→ YOUR ASSIGNMENT: Since only part of the material below is wanted, output exactly the lines from the one with "30%】SANZOU 3Lines Zip" up to and including the one with "Our reunion dinner".

→ AVAILABLE RECORDS:
BEGIN
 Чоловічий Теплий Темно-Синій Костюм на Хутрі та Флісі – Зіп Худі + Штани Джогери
END
BEGIN
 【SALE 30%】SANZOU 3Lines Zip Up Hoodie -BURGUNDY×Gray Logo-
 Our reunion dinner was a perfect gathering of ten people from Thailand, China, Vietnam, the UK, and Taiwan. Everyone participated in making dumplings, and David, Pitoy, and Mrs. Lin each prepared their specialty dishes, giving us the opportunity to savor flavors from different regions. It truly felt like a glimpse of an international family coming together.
END
BEGIN
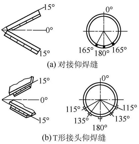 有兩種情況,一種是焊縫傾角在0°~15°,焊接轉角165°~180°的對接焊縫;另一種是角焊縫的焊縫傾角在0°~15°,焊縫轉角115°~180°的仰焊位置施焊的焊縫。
END
→ EXERCISE ANSWER:
 【SALE 30%】SANZOU 3Lines Zip Up Hoodie -BURGUNDY×Gray Logo-
 Our reunion dinner was a perfect gathering of ten people from Thailand, China, Vietnam, the UK, and Taiwan. Everyone participated in making dumplings, and David, Pitoy, and Mrs. Lin each prepared their specialty dishes, giving us the opportunity to savor flavors from different regions. It truly felt like a glimpse of an international family coming together.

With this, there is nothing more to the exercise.